Department of Urology, Weill Cornell Medical College, New York, NY, USA.
Department of Urology, Weill Cornell Medical College, New York, NY, USA.
Eur Urol. 2016 Jul;70(1):195-202. doi: 10.1016/j.eururo.2016.03.028. Epub 2016 Apr 28.
Radical cystectomy is the gold-standard management for muscle-invasive bladder cancer, and there is debate concerning the comparative effectiveness of robotic-assisted (RARC) versus open radical cystectomy (ORC).

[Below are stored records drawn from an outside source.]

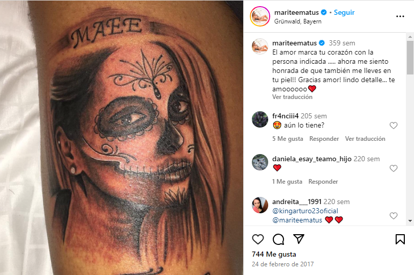 "El amor marca tu corazón con la persona indicada. Ahora me siento honrada de que también me lleves en tu piel!! Gracias amor! lindo detalle... te amoooooo❤️", compartió Matus el 2017 respecto al tatuaje que aún lleva el King.
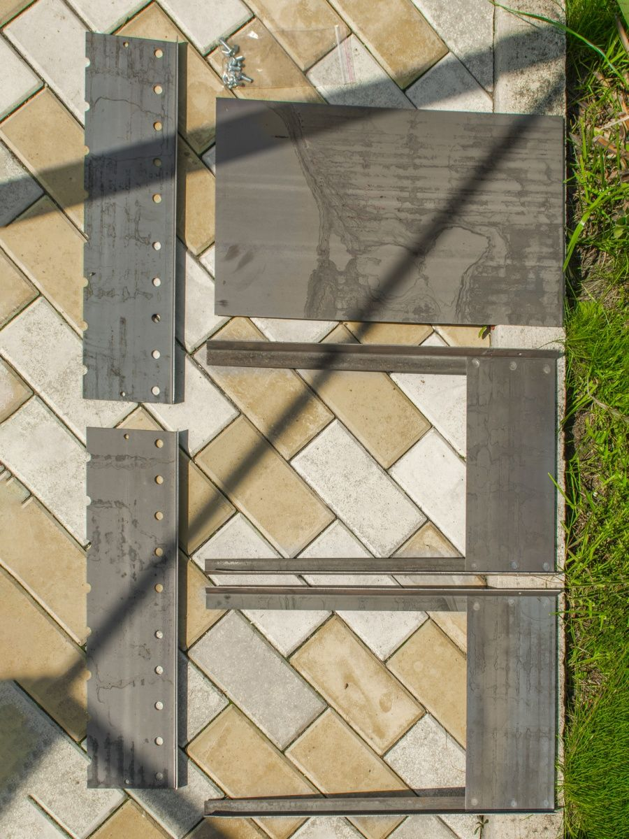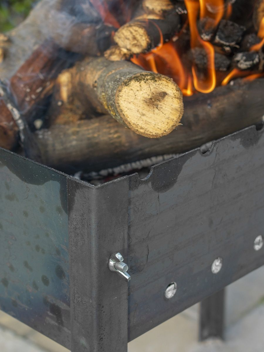 Мангал 800 мм. с полкой-решёткой и полкой под казан, сталь рифленая-усиленная 3 мм. разборный, с полкой под дрова
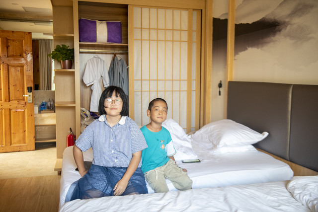 客房是田园和风系,夜晚非常宁静,晚上还能在院子里看星星,孩子们都说住得很舒服。休整了一个晚上,第二天个个精神抖擞,我们跟酒店预约了去农场采摘,想让娃接触大自然,体验田园风光。
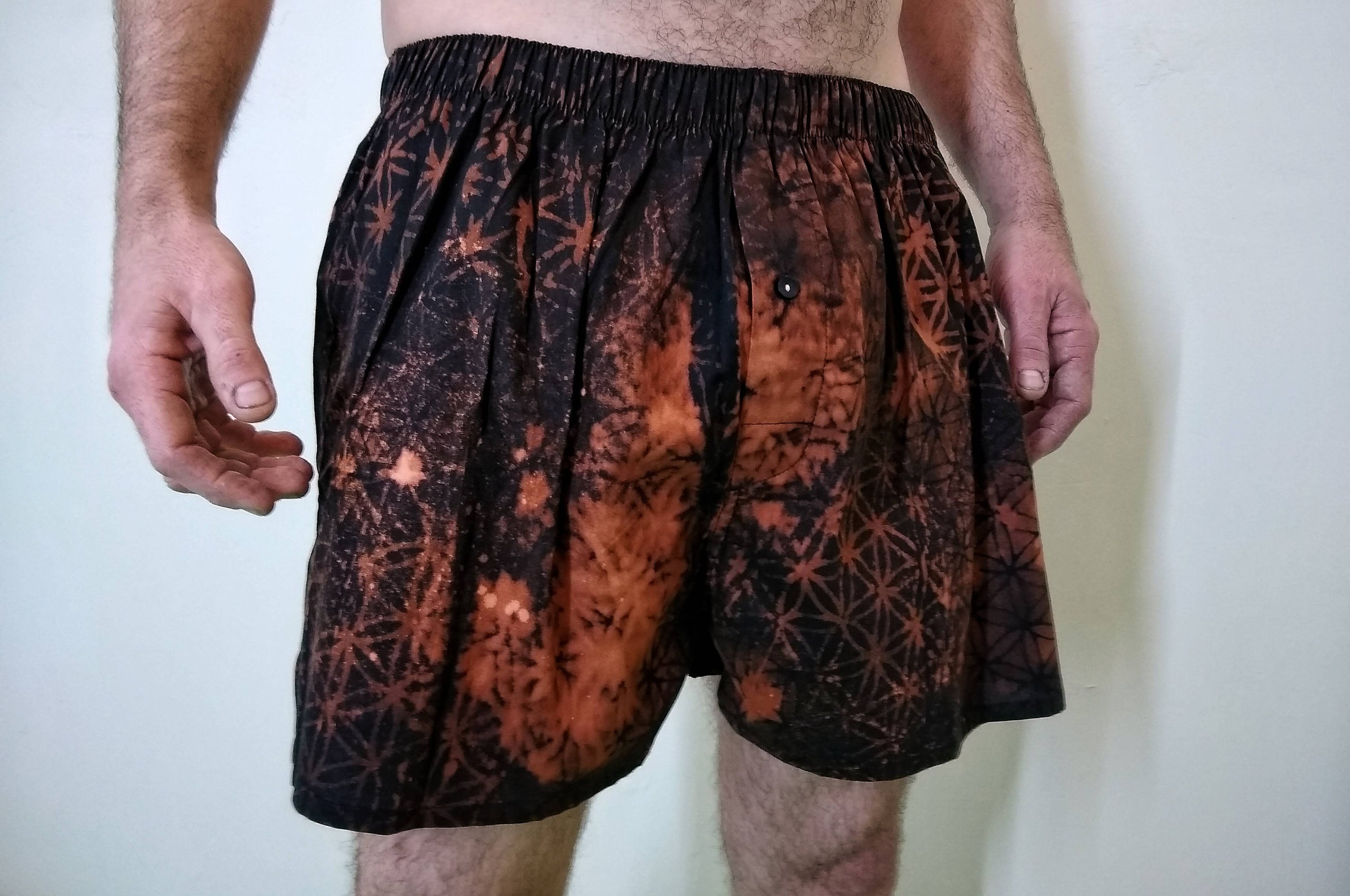 Sacred Geometry boxers are made from 100% organic cotton making them durable and comfortable to wear. They have a loose-fitting style with a false fly, and a self- fabric gathered elastic waistband.

To compare utilization, perioperative, cost, and survival outcomes of RARC versus ORC.
DESIGN, SETTING, AND PARTICIPANTS: We identified bladder urothelial carcinoma treated with RARC (n=439) or ORC (n=7308) during 2002-2012 using the Surveillance, Epidemiology, and End Results Program-Medicare linked data.

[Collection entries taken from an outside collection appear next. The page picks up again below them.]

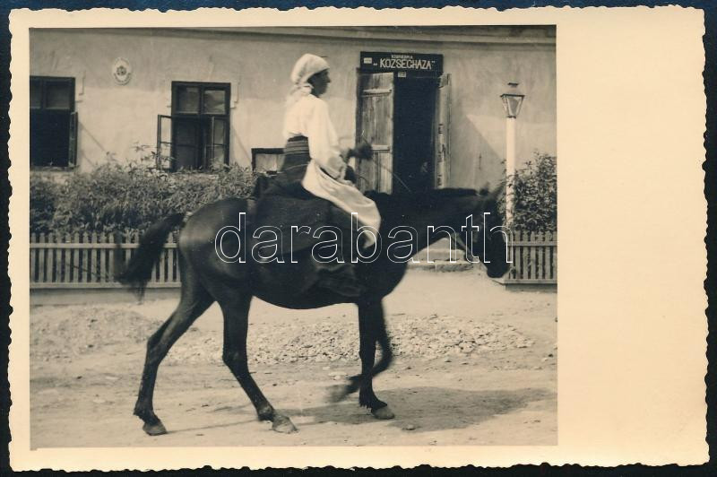 cca 1940 Kisrebra (Rebrisoara, Beszterce-Naszód megye, Erdély) - Községháza (az épület ajtaja fölött jól olvasható a felirat), az előtérben lovon ülő asszony, fotó, 8,5×13 cm
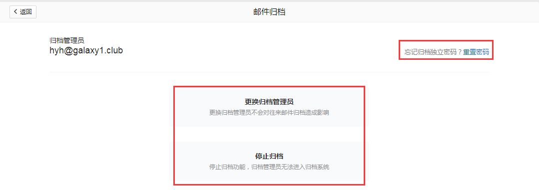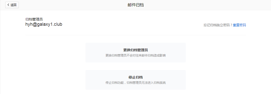 邮件归档系统需单独设立归档管理员(更换归档管理员对归档记录无影响),并使用独立密码管理。
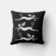 três gatos voadores em um design de almofada preto e branco em greve
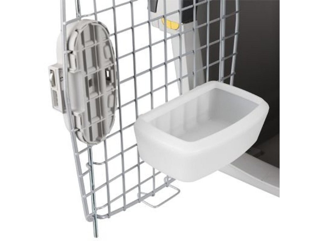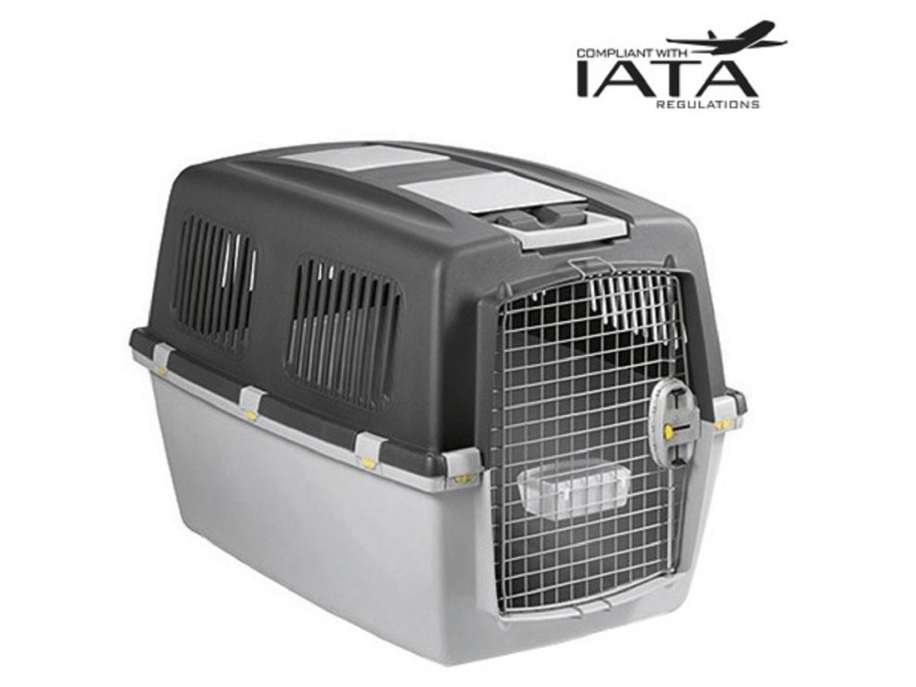 Praktická přepravka pro psy o hmotnosti do 50kg s protitlakovými prvky. Tento typ přenosky splňuje podmínky předpisů IATA - akceptována většinou leteckých společností. Přenoska má kovová uzamykatelná dvířka, na kterých je upevněná miska, v horní části přenosky jsou 2 velké úložné prostory, k přenosce je možno dokoupit kolečka a použít k tažení po zemi pomocí výsuvného ucha přepravky. Dostatek větracích otvorů zajišťuje optimální cirkulaci vzduchu.
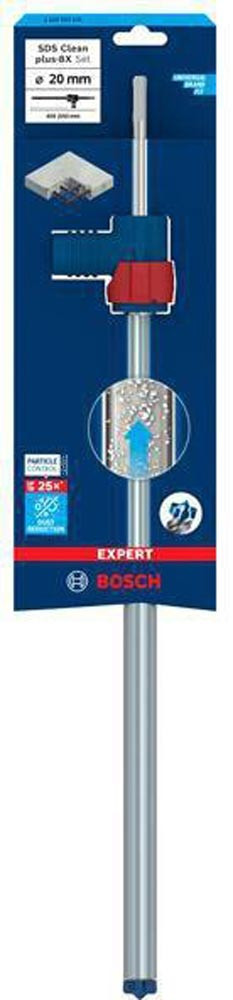 Bohren in Stahlbeton mit verbesserter Staubreduzierung! Durchdringt Stahlbeton mit einem Voll-Carbide-Kopf mit 4 Schneidern Das Bohren präziser Löcher in Beton ist nur ein Schritt bei der Installation chemischer Dübel. Der nächste Schritt besteht in zeitraubenden Reinigungsarbeiten. Mit dem EXPERT SDS Clean plus-8X wird alles anders. Das System bohrt Löcher und entfernt gleichzeitig Staub. Das beschleunigt und vereinfacht die Installation chemischer Dübel. Wir haben das EXPERT SDS Clean plus-8X Set für Bauarbeiter und Installateure entwickelt · die Löcher für chemische Dübel bohren müssen. Der Bohrer ist mit einem 4-Schneider-Vollhartmetallkopf und einem robusten Staubsaugerrohr ausgestattet. Zudem haben wir den SDS Clean plus Anschluss verbaut · der für alle SDS Clean plus-8X Bohrer geeignet ist und sich leicht montieren und abnehmen lässt. Du erhältst also einen leistungsstarken Bohrer · der bei Verstopfung leicht zu reinigen ist (einfach das Absaugrohr vom Bohrer abnehmen) sowie eine neue Technologie zur Staubreduzierung · mit der du Löcher für chemische Dübel schneller vorbereiten kannst. Zudem ist die Luft am Arbeitsplatz sauberer. Alles mit nur einem Zubehör. Hocheffizienter Abtransport von Staub mit Bosch Particle Control
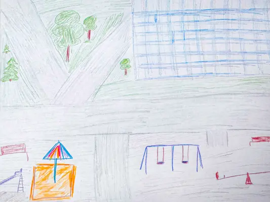 На моём рисунке изображен район Новокосино, в котором я проживаю с самого детства. Эта площадка в моем дворе. Я очень люблю кататься с горки, качаться на качелях и сидеть на лавочке! Люблю район Новокосино!
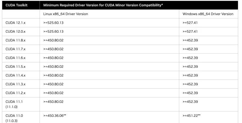 CUDA与驱动版本关系:https://docs.nvidia.com/cuda/cuda-toolkit-release-notes/index.html
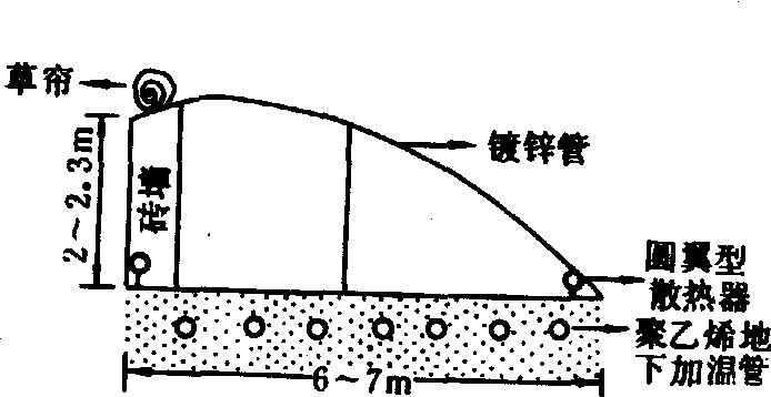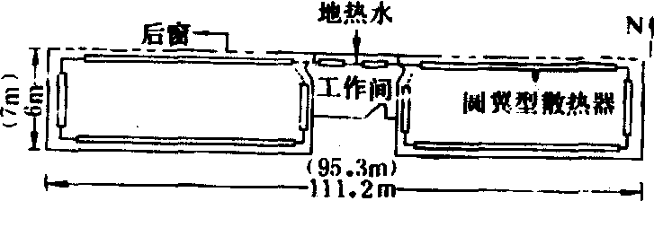 图2 单屋面塑料薄膜地热温室平面图 地热温室的结构与一般温室大致相同,有双屋面或单屋面的玻璃温室和单屋面塑料薄膜温室,后一种地热温室造价低,保温性好,操作方便,其结构剖面如图1和图2所示。 地热温室的地下加温应满足以下技术要求:

Comparison of RARC versus ORC.
We used propensity score matching to compare perioperative and survival outcomes, including lymph node yield, perioperative complications, and healthcare costs.
Utilization of RARC increased from 0.7% of radical cystectomies in 2002 to 18.5% in 2012 (p<0.001). Women comprised 13.9% versus 18.1% (p=0.007) of RARC versus ORC, respectively. RARC was associated with greater lymph node yield with 41.5% versus 34.9% having ≥10 lymph nodes removed (relative risk 1.1, 95% confidence interval [CI] 1.01-1.22, p=0.03) and shorter mean length of hospitalization at 10.1 (± standard deviation 7.1) d versus 11.2 (± 8.6) d (p=0.004). While inpatient costs were similar, RARC was associated with increased home healthcare utilization (relative risk 1.14, 95% CI 1.04-1.26, p=0.009) and higher 30-d (p<0.01) and 90-d (p<0.01) costs. With a median follow-up of 44 mo (interquartile range 16-78), overall survival (hazard ratio 0.88, 95% CI 0.74-1.05) and cancer-specific survival (hazard ratio 0.91, 95% CI 0.66-1.26) were similar.
RARC provides equivalent perioperative and intermediate term outcomes to ORC. Additional long-term and randomized studies are needed for continued comparative effectiveness assessment of RARC versus ORC.
Our population-based US study demonstrates that robotic-assisted radical cystectomy has similar perioperative and survival outcomes albeit at higher costs.
根治性膀胱切除术是肌层浸润性膀胱癌的金标准治疗方法,对于机器人辅助(RARC)与开放根治性膀胱切除术(ORC)的比较效果仍存在争议。
比较 RARC 与 ORC 的应用、围手术期、成本和生存结局。
设计、地点和参与者:我们使用 2002 年至 2012 年期间监测、流行病学和最终结果计划-医疗保险关联数据,确定接受 RARC(n=439)或 ORC(n=7308)治疗的膀胱尿路上皮癌患者。
比较 RARC 与 ORC。
我们使用倾向评分匹配来比较围手术期和生存结局,包括淋巴结产量、围手术期并发症和医疗保健成本。
RARC 的使用率从 2002 年的根治性膀胱切除术的 0.7%增加到 2012 年的 18.5%(p<0.001)。女性分别占 RARC 与 ORC 的 13.9%和 18.1%(p=0.007)。RARC 与更大的淋巴结产量相关,分别有 41.5%和 34.9%的患者切除了≥10 个淋巴结(相对风险 1.1,95%置信区间[CI]1.01-1.22,p=0.03),住院时间平均缩短 10.1(±标准偏差 7.1)天至 11.2(±8.6)天(p=0.004)。尽管住院费用相似,但 RARC 与更高的家庭医疗保健利用率相关(相对风险 1.14,95%CI 1.04-1.26,p=0.009),30 天(p<0.01)和 90 天(p<0.01)的费用更高。中位随访 44 个月(四分位距 16-78)时,总生存(风险比 0.88,95%CI 0.74-1.05)和癌症特异性生存(风险比 0.91,95%CI 0.66-1.26)相似。
RARC 提供与 ORC 相当的围手术期和中期结果。需要进一步进行长期和随机研究,以继续评估 RARC 与 ORC 的比较效果。
我们的基于人群的美国研究表明,机器人辅助根治性膀胱切除术具有相似的围手术期和生存结局,尽管成本更高。